# Hellos SPs!!!! I just realized what a dreadful hypocrite I am!!! :(



## Glenda Gnome Starr (May 12, 2011)

*Well thank you for the lovely welcome! :tongue:*

You're welcome.



*Yeah, we totally need more faces. I want a Macho Man face, a Princess Face (WITH a tiara :crazy, a Smoking Cigarettes face, a WHATEVER face, an OH SNAP face, a Sarcasm face, an Oh No You Didn't face, a Now You Fucked Up! face, etc. :laughing:*


We need a I just ate something that tasted disgusting face, a opera singer face, a sleepy face, a darn it, i got caught face...

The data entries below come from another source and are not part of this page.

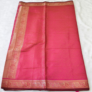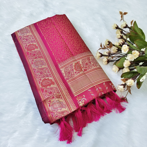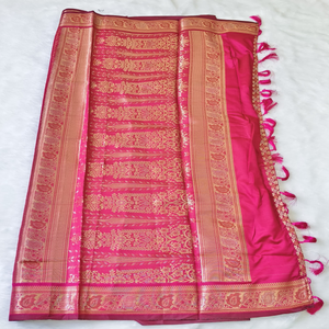 This authentic Dharmavaram silk saree features the region's signature heavy gold zari borders and pallu with intricate geometric patterns. Handwoven by skilled artisans using traditional techniques, it displays remarkable tensile strength and lustrous finish characteristic of genuine Dharmavaram craftsmanship. The contrasting color combinations and temple motifs represent centuries-old weaving heritage from Andhra Pradesh.
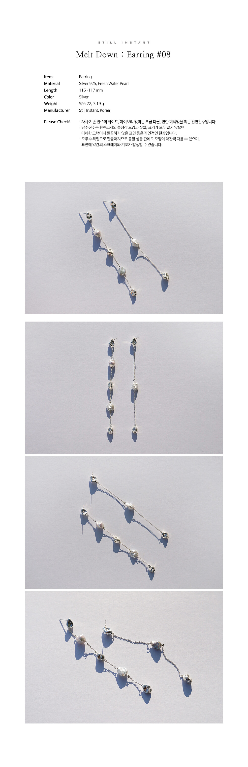 스틸 인스턴트의 주얼리는 주문 후 제작되는 핸드크래프트 제품입니다. 제작 기간은 평균 3~7일 정도 소요되며, 제품에 따라 다소 차이가 있을 수 있습니다. 정확한 일정이 궁금하신 경우, 언제든 편하게 문의해 주세요.
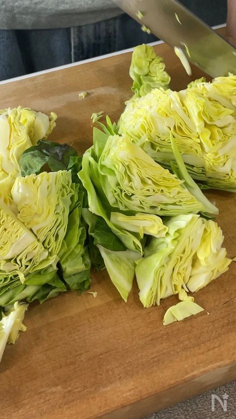 (1) キャベツを食べやすい大きさに切り、しめじは石付きを落として手で割く。
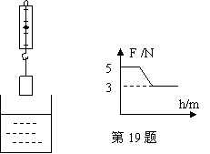 19.如图,金属块挂在弹簧测力计下,将金属块慢慢放入水中,弹簧测力计的示数逐渐减小,右图是弹簧测力计示数与金属块下降距离的图像,由图可知,金属块完全浸没在水中时受到的浮力是________N,金属块的密度是________kg/m3。
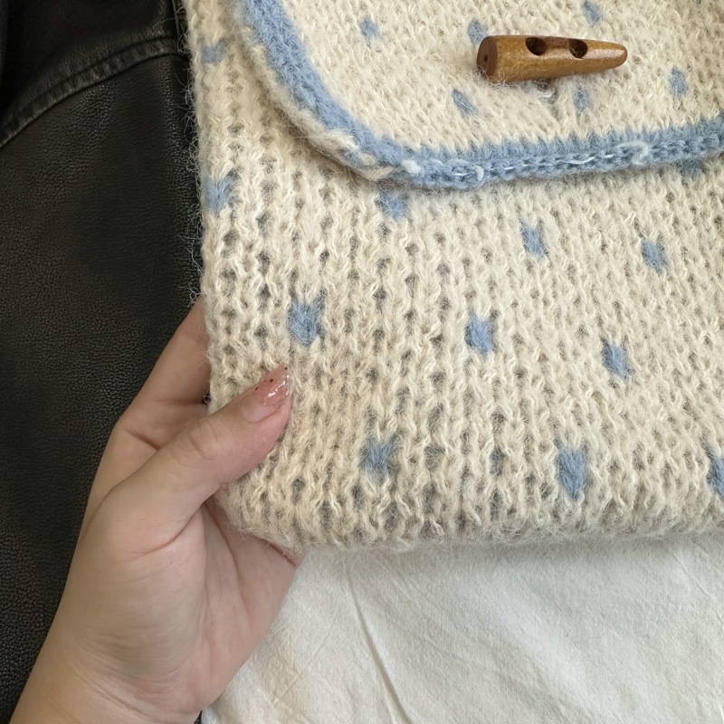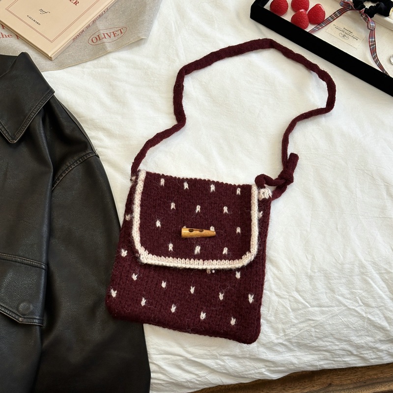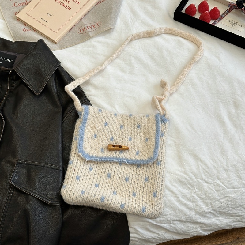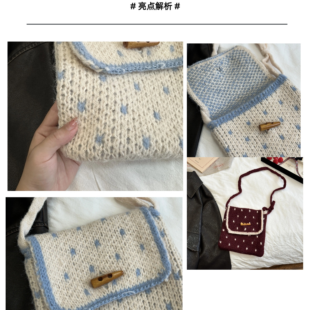 2024 가을과 겨울 빈티지 향기로운 스타일 버클 니트 작은 가방 여성용 어깨 크로스 바디 가방 모든 매치 핸들 휴대 전화 가방
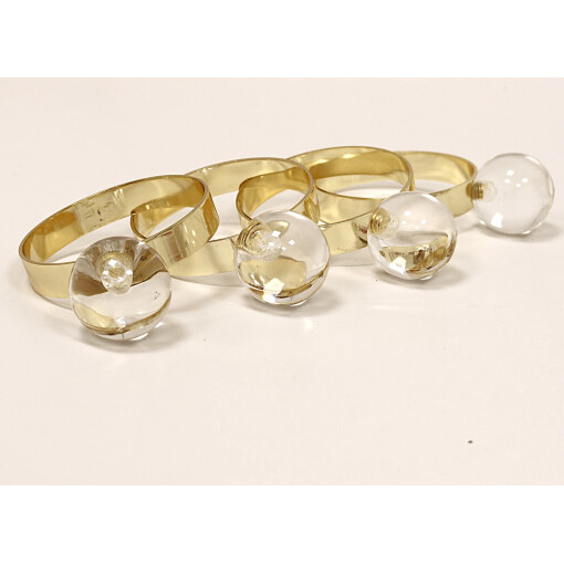 Enhance your table setting with our set of 4 gold napkin rings, which feature elegant clear ball details. These 2″ rings add a touch of sophistication to any dining affair. Crafted from high-quality materials, they ensure a perfect fit for your napkins and serve as an exquisite finishing touch.
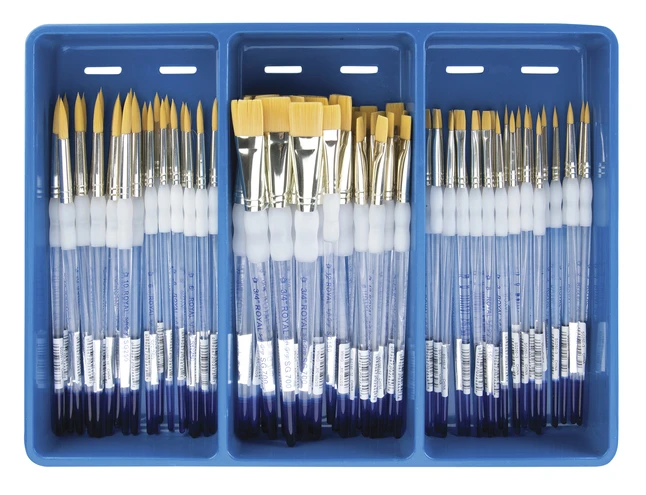 Royal & Langnickel Soft Grip Golden Taklon Brush Assorted Classroom Pack, Pack Of 72
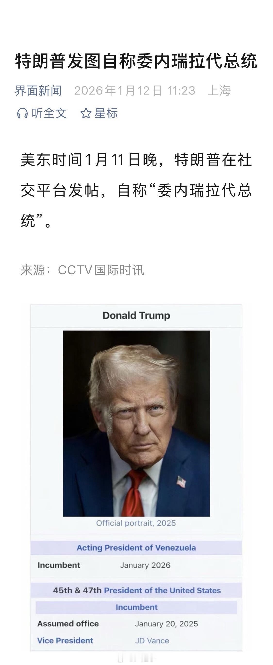 川普自封自己为委内瑞拉代总统!
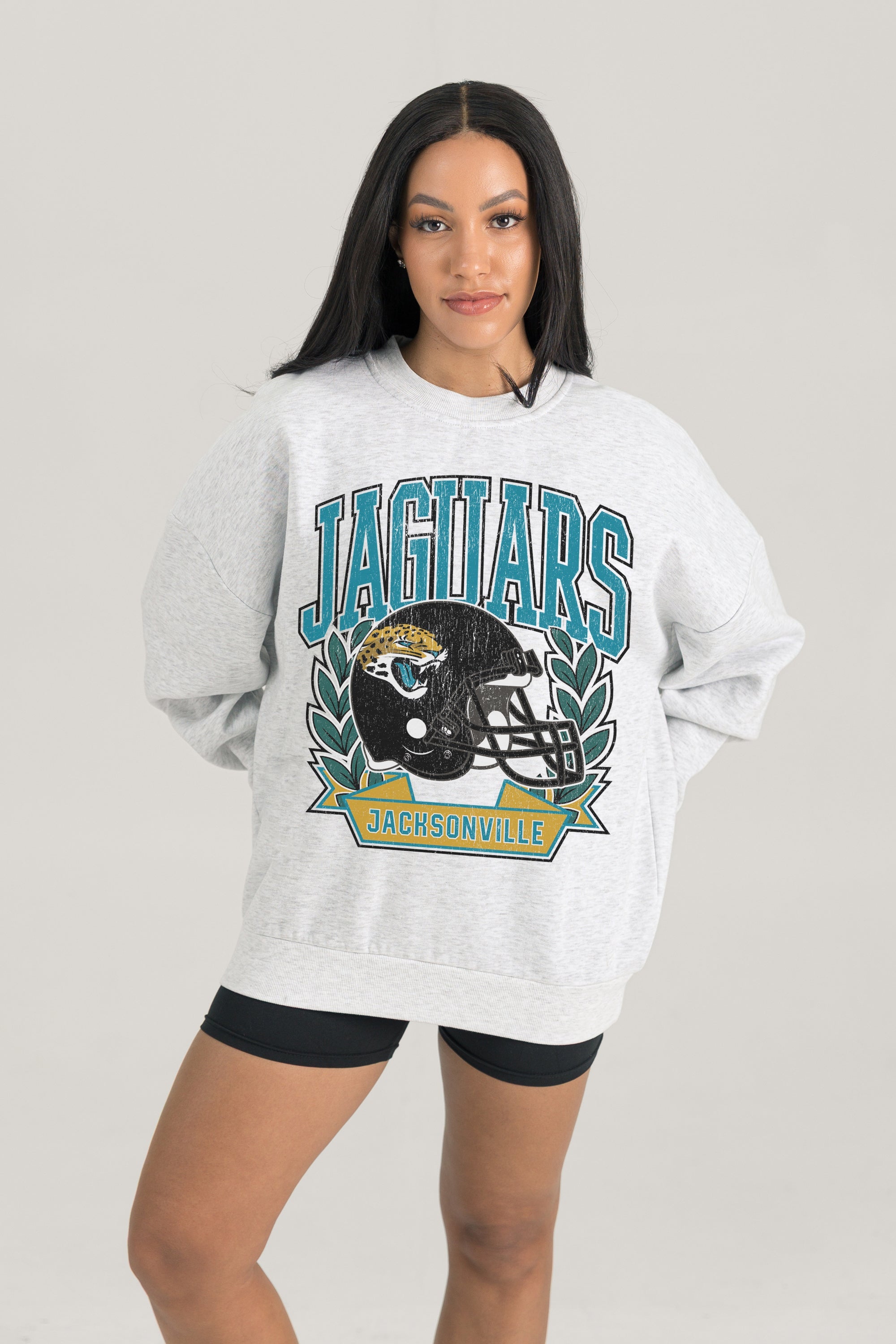 Stand out from the crowd in our Jacksonville Jaguars premium fleece long sleeve sweatshirt. Boasting an oversized fit, crewneck and ribbed knit neckline, wrists, and waistband, it effortlessly blends comfort with fashion. Show your support for your favorite school or team in this irresistibly soft sweatshirt.

*:sad: But I LOOOOOVVVVEEEE war and violence and fighting and bullying and meanness! :crazy::laughing:*

Oh well, we all have to have our hobbies! :shocked:



*I'll do that! *
Right-ee-oh.


----------



## Nessie (Jan 6, 2012)

Niccolo Machiavelli said:


> I'll make this brief. You're new here so you still think that the MBTI is this brilliant wonderful thing, when in reality it is mostly nonsense. Once you've been here for a short while you'll realize this. Most of the praise you give the test is completely false. You should check out the thread on the ENFJ section about the stupid MBTI stereotypes. As for the last part about graphs and such, surely you're speaking in jest. Just because somebody has "graphs" and "tests" does NOT mean that they have empirical evidence of any kind. This is why the word "hokum" exists, to describe things that look impressive but are nothing but nonsense. Astrology has a whole bunch of graphs and experiments, much more than MBTI, yet it is nothing but a silly pseudoscience. Scientology has the fancy meters and everything, yet even the founder of Scientology admitted they mean nothing. The "evidence" backing up the MBTI, or most of the entire field of psychology for that matter, is at best very little, and at worst nothing at all.
> 
> If you disagree, that's fine. Stick around here for a few more months and then let me know how you feel, once you've seen the silliness of it all first hand.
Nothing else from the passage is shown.